UL-led research project seeks to improve access to healthcare for people with intellectual disabilities
Dr Éilish Burke, Trinity College Dublin, and Dr Sean Healy, University of Limerick, joined Una Coates and Hayley Kavanagh of Special Olympics Ireland at the launch of a groundbreaking research project aimed at enhancing healthcare access for individuals with intellectual disabilities Picture: Brian Arthur
Thursday, 29 February 2024

A new project led by researchers at University of Limerick is seeking to improve access to healthcare for people with intellectual disabilities.

Researchers at UL, in collaboration with a national team of researchers and Special Olympics Ireland, have been selected to conduct a national assessment and advocacy project to improve inclusivity and equity in healthcare.

It is part of an international initiative called the Rosemary Collaboratory, which was established by Special Olympics International.

Following a competitive request for proposals in 2023, eight countries alongside three US states have been selected to conduct a thorough assessment of the inclusivity of their healthcare systems for people with intellectual disabilities.

Ireland is the only European country participating, highlighting its commitment to advancing healthcare for all and the commencement of phase one of the multi-stage project was officially launched this Thursday at UL.

Dr Sean Healy, Associate Professor of Physical Activity and Sport Participation, Policy and Practice in UL’s Department of Physical Education and Sports Science, is the project lead for Ireland.

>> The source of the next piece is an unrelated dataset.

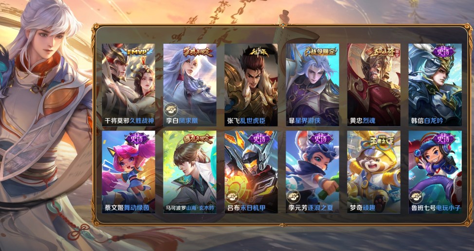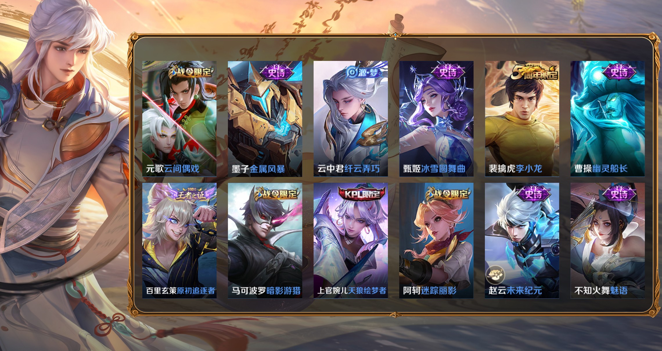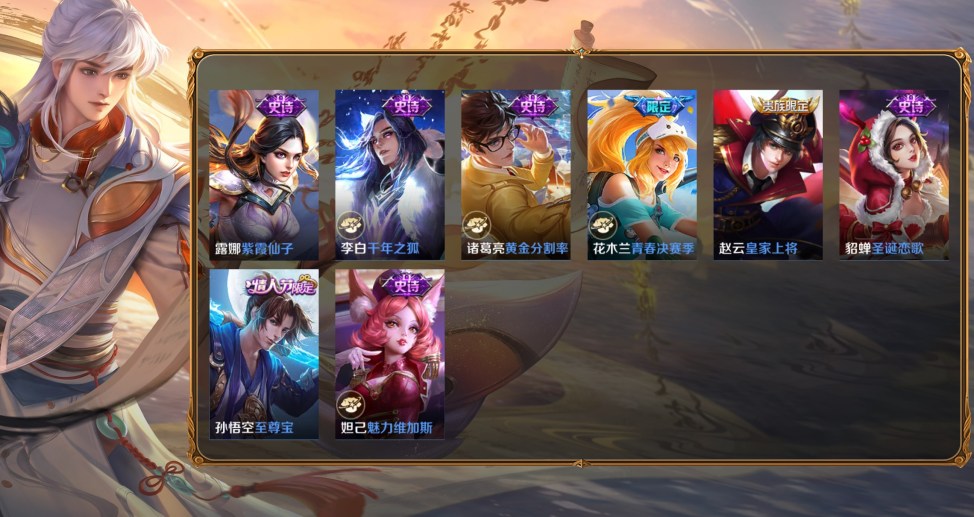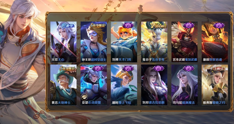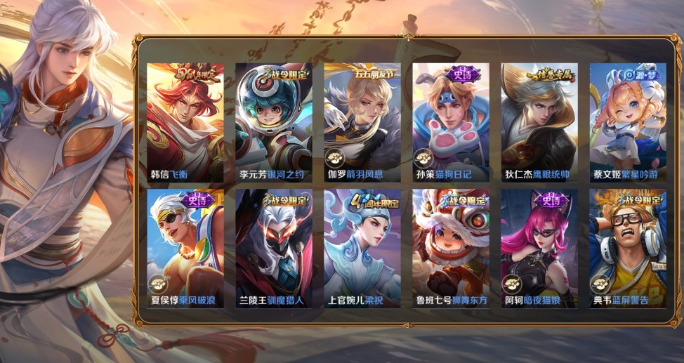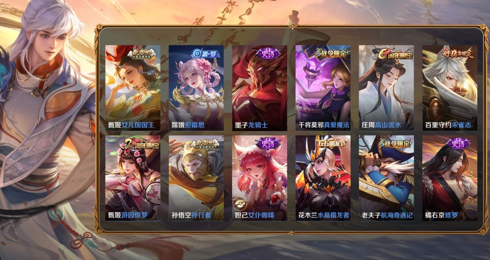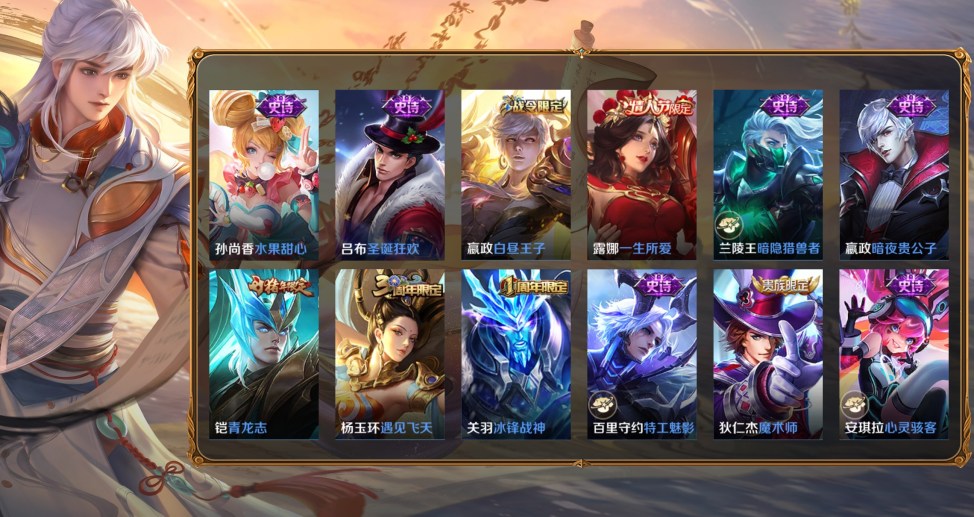 桑啟-畫中遊,百里守約-絕影神槍,百里玄策-威尼斯狂歡,蔡文姬-薔薇王座,曹操-超能戰警,曹操-死神來了,成吉思汗-維京掠奪者,程咬金-華爾街大亨,大喬-伊勢巫女,狄仁傑-錦衣衛,貂蟬-異域舞娘,盾山-極冰防禦線,伽羅-花見巫女,干將莫邪-第七人偶,公孫離-花間舞,關羽-天啟騎士,鬼谷子-阿摩司公爵,后羿-精靈王,花木蘭-劍舞者,黃忠-芝加哥教父,鏡-冰刃幻境,瀾-孤獵,老夫子-潮流仙人,李白-範海辛,李信-灼熱之刃,李元芳-特種部隊,劉邦-聖殿之光,露娜-緋紅之刃,魯班七號-福祿兄弟,馬可波羅-激情綠茵,蒙犽-歸虛夢演,夢奇-美夢成真,哪吒-三太子,女媧-尼羅河女神,盤古-創世神祝,裴擒虎-街頭旋風,沈夢溪-棒球奇才,司空震-啟蟄,司馬懿-魘語軍師,蘇烈-愛與和平,孫臏-未來旅行,孫悟空-西部大鏢客,王昭君-精靈公主,夏侯惇-戰爭騎士,項羽-帝國元帥,雅典娜-戰爭女神,楊戩-埃及法老,楊玉環-霓裳曲,曜-歸虛夢演,弈星-踏雪尋梅,虞姬-加勒比小姐,元歌-午夜歌劇院,雲纓-赤焰之纓,鍾馗-地府判官

He explained: “As researchers, we strive to positively impact our communities and society through our work. Joining the Rosemary Collaboratory, our team of experienced academics and stakeholders are in a prime position to significantly advance inclusive healthcare in Ireland.”

This first phase of the project will provide a foundation for future phases in which healthcare system improvement initiatives will be enacted.

Dr Rosie Gowran, Associate Professor in Occupational Therapy at the School of Allied Health in UL who is the Clinical Lead for the National Clinical Programme for People with Disabilities, explained the benefits of the collaboration.

“The Rosemary Collaboratory represents a significant step towards supporting individuals with intellectual disabilities to navigate Ireland’s healthcare system. By uniting global expertise and local insight, this initiative will not only highlight the critical gaps in our current healthcare system but also pave the way for substantial, actionable change that will enhance accessibility, affordability, and the overall quality of healthcare for people with intellectual disabilities.”

Speaking about the project, UL President Professor Kerstin Mey said: “University of Limerick’s role in leading Ireland’s participation in the Rosemary Collaboratory underscores our efforts as leader for equality, diversity and inclusivity. And, via the partnerships built across campus and Ireland with academics and stakeholders alike, it contributes to our principle of proactively collaborating to make a difference in society.”

The Irish team brings together a coalition of researchers from UL, Dublin City University, University of Dublin Trinity College, and the Royal College of Surgeons in Ireland, working in partnership with Special Olympics Ireland.

Along with Dr Healy, key team members include Dr Owen Doody and Jeanne O’Sullivan (UL), Professor Anthony Staines (DCU), Dr Éilish Burke (TCD), Professor Mary Rose Sweeney (RCSI), alongside Special Olympics Ireland's Hayley Kavanagh and Kathy Fulcher.

Their efforts are supported by a Partner Advisory Board comprising representatives from Ireland’s Health Services Executive, National Disability Authority, Special Olympic Ireland’s Health messenger team, and experts by experience.

Phase one will involve a comprehensive assessment across a broad spectrum of indicators within Ireland’s healthcare system. The insights gleaned from this assessment will contribute to a global report on the inclusivity of healthcare for persons with intellectual disabilities, due for release by Special Olympics International in 2025.

This report will serve as a cornerstone for future system improvement efforts.